Tenley-Janney drawing by Squalish.

Councilmembers Mary Cheh and Kwame Brown have formally asked Mayor Fenty to stop pursuing a public-private partnership for the Tenley library and the adjacent Janney school. The original idea was a good one: the library is a low-rise building on a major corner that could support housing above, and help fund a better library and expansion for Janney.

Unfortunately, according to activists who supported the general idea of a PPP, the project went fatally off the rails when the Office of the Deputy Mayor for Planning and Economic Development (DMPED) narrowed the RFP in ways that limited neighborhood options to a bad project or nothing at all.
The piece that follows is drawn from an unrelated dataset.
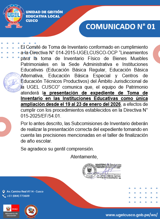 Se informa a la comunidad educativa que las siguientes Instituciones Educativas Públicas del nivel Primaria cuentan con vacantes disponibles para el presente año. Los padres de familia interesados pueden comunicarse directamente con cada institución educativa para conocer los requisitos del proceso de matrícula. 🔹 IE N.° 50039📍 Dirección: Calle San Francisco de Asís s/n📌 Localidad: Uchullo Alto🗺️ Distrito: Cusco👩🏫 Directora: […]
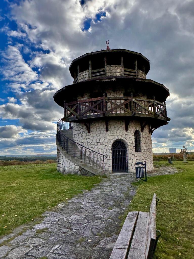 Po krótkim spacerze w Kamieniołomie w Nowinach postanawiamy zatrzymać się jeszcze na chwilę — dosłownie na małą, mikro wycieczkę. Cel? Wieża widokowa w Suścu. To niedługi przystanek, ale dobrze wpisuje się w chłodny, październikowy dzień, kiedy niebo jest ciężkie od chmur, a wiatr przypomina, że jesień już naprawdę przyszła.

After effective organizing by anti-PPP groups and low enthusiasm by proponents for what had turned into a lousy project, Cheh responded to neighborhood sentiment and chose the latter.

In their letter, Cheh and Brown write that “we believe that [the current LCOR proposal] is fatally flawed.” Still, they haven’t given up on something better. “We still believe, as we have throughout, that the public interest lies in the comprehensive development of this site. There is an urgent need to have vibrant, mixed-use development along our main corridors and the Tenley Library site, which is located across the street from the subway, ought to be a key part of such development.”

How can we have it both ways? Cheh and Brown suggest adding “the structural supports necessary to permit development on top of the Library at a future date,” whether “residential, mixed-use, or even an increase in the size of the Library.” That maintains some options, though fewer.

Moving the library upstairs to place retail on the ground floor and the library upstairs (as in Rockville) would probably not be practical once a new library is up and running. A future project won’t be able to combine improvements to the school and to the library site like this concept by Squalish. Still, it’s better than nothing, and the Councilmembers are salvaging a little hope from a bad situation.

Tenleytown ANC candidate Jonathan Bender wrote on the neighborhood email list that “One would hope DPMED learned from this experience that hoarding information and excluding public input is, to understate, unwise.” Some DC agencies, sadly, seem to lurch from not speaking to the public at all (and risking uninformed decisions) to listening too much and making hasty changes to projects based on momentary resident feedback.

Good decisionmakers communicate plans clearly, listen thoroughly to all input, then make a reasoned decision with the totality of evidence. DMPED’s failure in this case has squandered a great opportunity to improve one of our underutilized Metro-accessible corridors. Hopefully the city won’t squander the next opportunity so lightly.